Moreover, Huang simply cannot demonstrate that he reasonably believes his continued testimony could put him at risk of prosecution for perjury because he previously represented to this Court that his prior testimony was truthful. After the Court issued its December 22, 1998 Memorandum Opinions and Orders, which contained credibility findings about Huang’s October 29, 1996 testimony, Huang moved for reconsideration and asked that the Court’s credibility determinations be vacated. In his motion for reconsideration, Huang vehemently claimed that the Court had been "led into error" by Plaintiff, who allegedly "mischaracterized" his previous testimony, provided only "snippets" of that testimony, and "wrongly paraphrased" other portions. However, it is entirely inconsistent, if not frivolous, for Huang to claim, on the one hand, that the Court’s credibility findings should be vacated because his prior testimony was truthful, only to now claim, on the other hand, that he may be subject to prosecution for perjury if he is forced to testify truthfully. If Huang’s motion for reconsideration is to be believed, then he has no good faith basis for asserting a Fifth Amendment privilege against self-incrimination. If Huang’s assertion of the Fifth Amendment privilege is to be believed, then he and his counsel had no good faith basis for challenging the Court’s credibility determinations in his motion for reconsideration. Either way, Huang and his counsel have apparently violated Fed.R.Civ.P. 11, Fed.R.Civ.P. 37 and/or 28 U.S.C. § 1927, among other relevant provisions governing court submissions and discovery.
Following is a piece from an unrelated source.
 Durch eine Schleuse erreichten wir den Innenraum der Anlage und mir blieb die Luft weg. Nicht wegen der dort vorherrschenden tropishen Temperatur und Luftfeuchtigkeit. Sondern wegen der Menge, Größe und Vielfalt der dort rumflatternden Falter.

In sum, any claim by a witness such as Huang that he will be at risk of criminal indictment for prior perjury if he is compelled to testify truthfully must, respectfully, be subject to a very careful and very thorough inquiry. In order to discern whether there is a "sound basis for the witness’ reasonable fear of prosecution," the Court and Plaintiff’s counsel must be able to conduct a voir dire of Huang, on a question-by-question basis, about what particular aspect(s) of his prior testimony he now claims may subject him to risk of prosecution for perjury. See, e.g., In re Morganthau, 718 F.2d at 167. Otherwise, and as the Court in In re Morganroth found, witnesses such as Huang who seek to avoid further testimony can effectively thwart legitimate questioning by crying perjury. That cannot be, and is not, the law.
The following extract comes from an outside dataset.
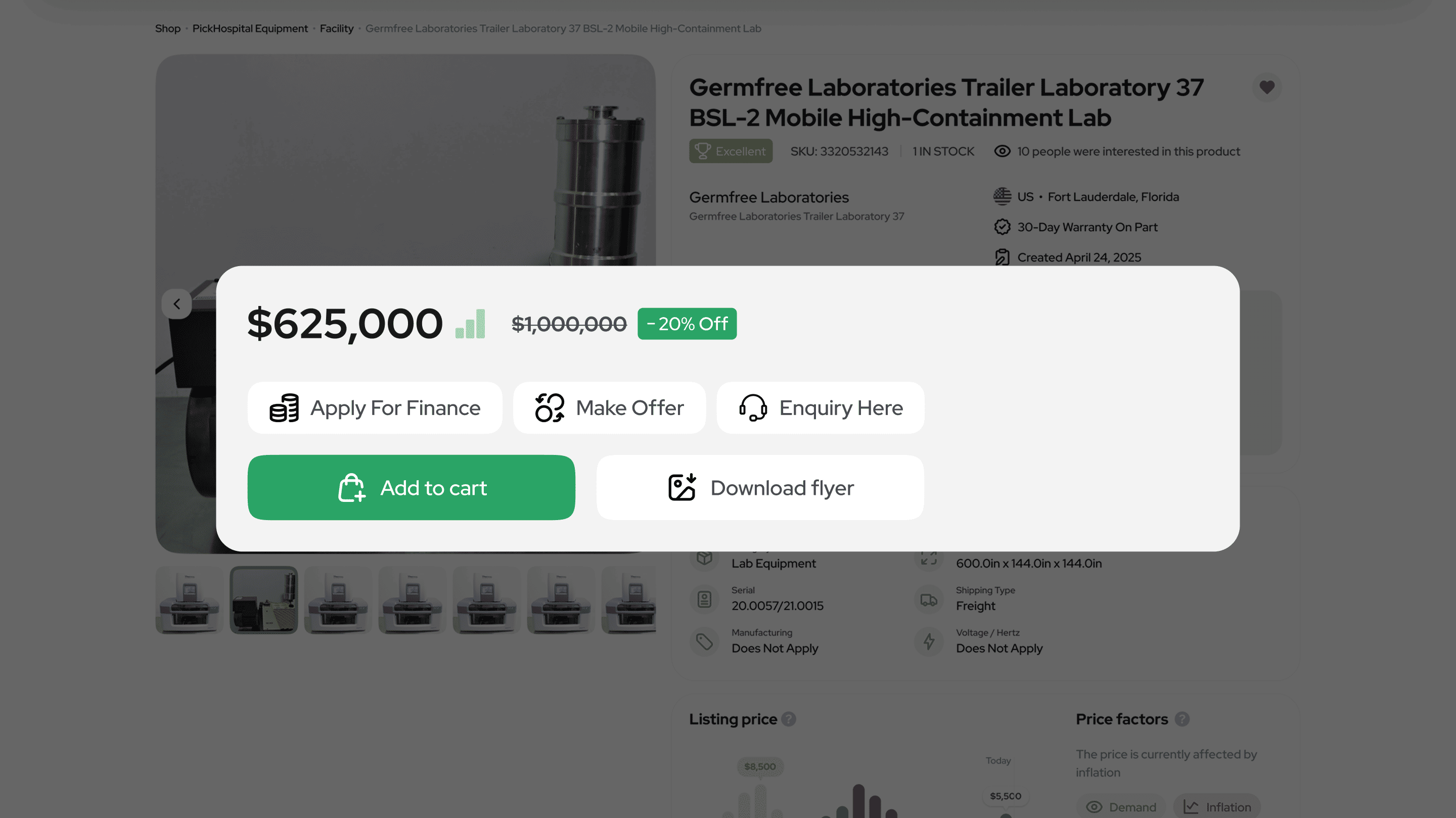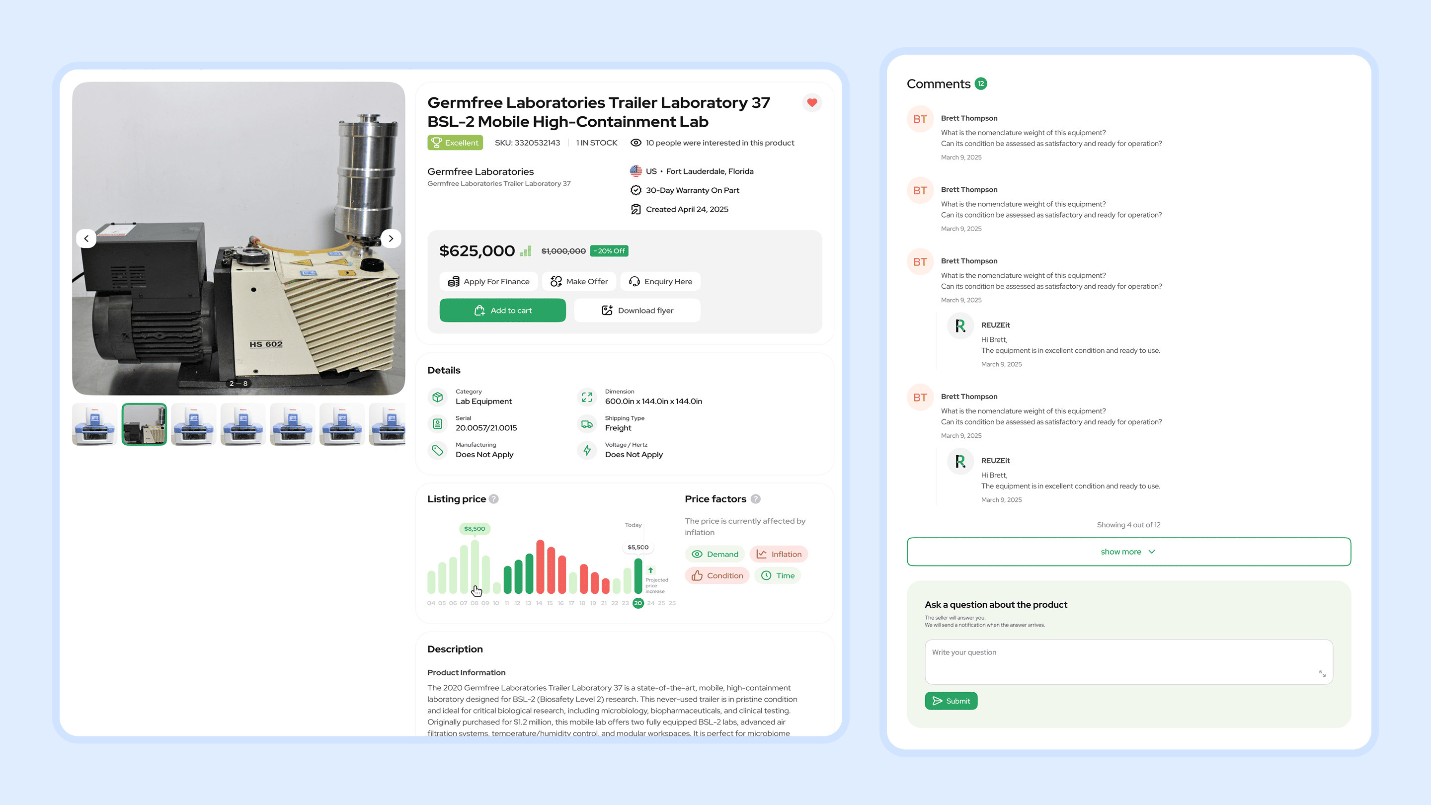 В кейсе для калифорнийского B2B-магазина наша команда добавила в карточку несколько блоков для согласования стоимости. Площадка помогает бизнесу торговать новым и б/у оборудованием, а также сдавать его в аренду. Поэтому пользователь может согласиться на указанную цену или предложить свою и устроить торги, а также:

Nonetheless, even assuming Huang has a non-frivolous argument (which he does not), there are obviously questions Huang can be asked that do not implicate any concerns about prosecution for perjury. First of all, subjects he previously testified about truthfully cannot, by definition, be the subject of criminal prosecution for perjury. In addition, subjects he did not testify about previously also cannot, by definition, subject Huang to criminal prosecution for perjury. There are numerous examples of the latter. For example, since Huang’s prior testimony, Plaintiff has obtained additional information about which Huang has not previously testified, not the least of which is Huang’s desk calendars. As the Court found in its April 9, 1999 Memorandum Opinion, "[t]his calendar was not produced to plaintiff at the October 1996 deposition, and questions concerning it may reasonably be expected to lead to admissible evidence which plaintiff has had no previous adequate opportunity to explore." April 9, 1999 Memorandum Opinion at 3. Other questions such as what documents Huang might be producing, obviously do not implicate any perjury concerns, or any other concerns about self-incrimination. Thus, there are substantial areas about which Huang can be questioned that do not even implicate his alleged invocation of the Fifth Amendment privilege.
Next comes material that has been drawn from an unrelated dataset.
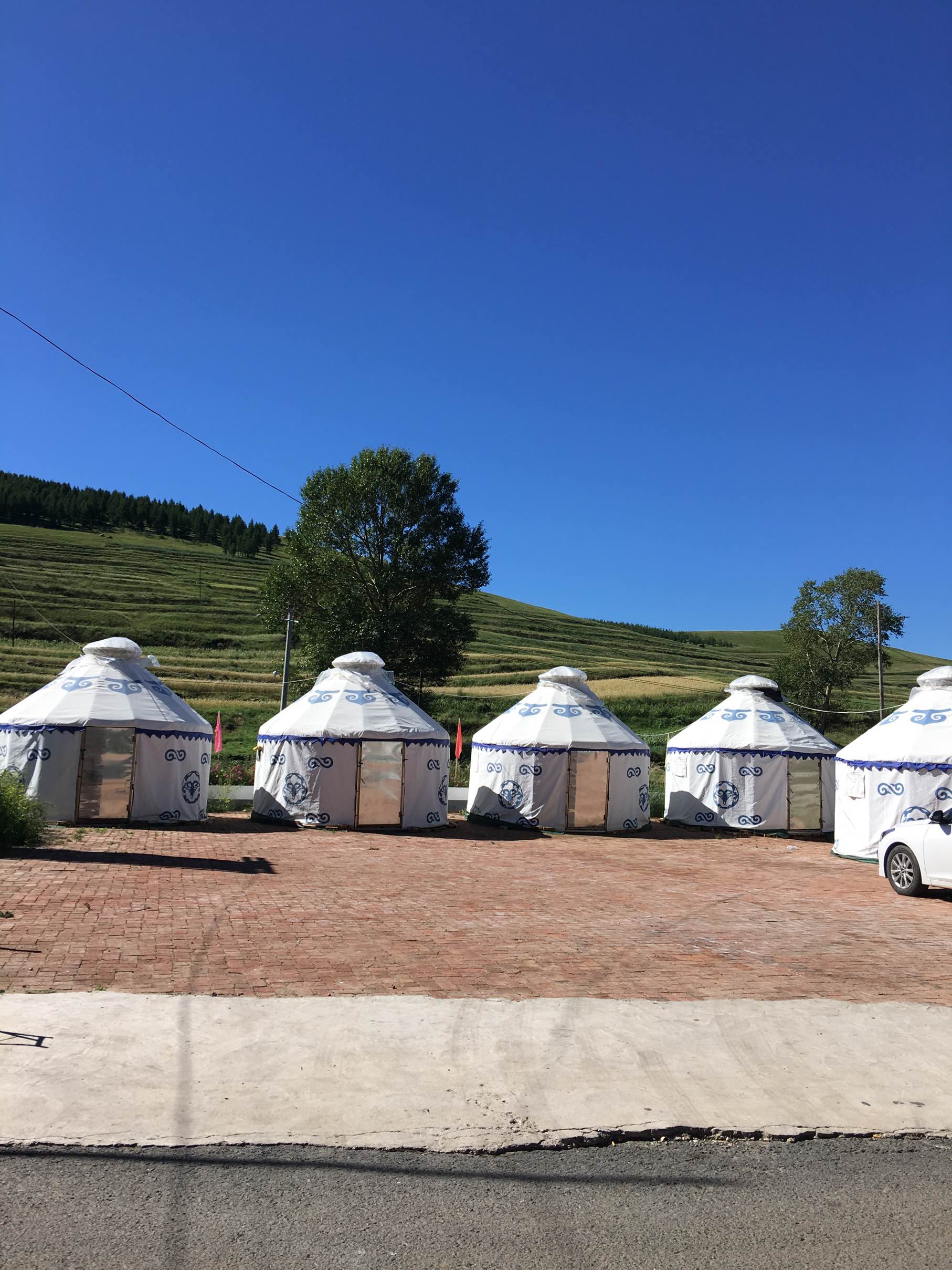 蓝蓝的天,美丽的花,漂亮的蒙古包。好美呀😄

B. Other Criminal Charges.

With respect to any allegation that Huang might, by reason of further testimony, subject himself to criminal prosecution based upon the substance of the testimony itself, Huang has again failed to meet his burden of proof. In 1997, Huang admitted to Congress, in response to inquiries about whether he would testify before the Senate Governmental Affairs Committee, that he had no concern about being prosecuted criminally:

In offering to subject himself to the challenging circumstances which may follow, if an appropriate agreement can be achieved, Mr. Huang is motivated not by fear of prosecution, as evidenced by his willingness to expose himself without restriction to the most serious allegations against him, but instead by his passionate, even poignant, view that the interests of Asian Americans have suffered unduly because of his inability, under the circumstances, to respond to the concededly legitimate questions which pertain to his conduct with the LippoGroup, the United States Department of Commerce and the Democratic National Committee, including the unfounded and insensitive allegations of espionage.

See Letter from Ty Cobb, Esq., to the Hon. John Glenn, dated July 8, 1997, attached as Exhibit 1 (emphasis added).

In addition, Huang has since been granted immunity from prosecution by the Independent Counsel Kenneth Starr. Although Plaintiff does not know the precise grant of immunity that Huang was offered, the Court has ordered him to submit documents concerning this grant of community ex parte and under seal, any grant of immunity obviously substantially lessens any concern, however disingenuous, about being subject to criminal prosecution. Thus, based on Huang’s own admission to Congress and his subsequent grant of immunity, he simply cannot now claim that he reasonably believes his testimony could "furnish a link in the chain of evidence needed to prosecute" him for a crime or subject him to any "real danger" of self-incrimination. See Hoffman, 341 U.S. at 486; Rogers, 340 U.S. at 374.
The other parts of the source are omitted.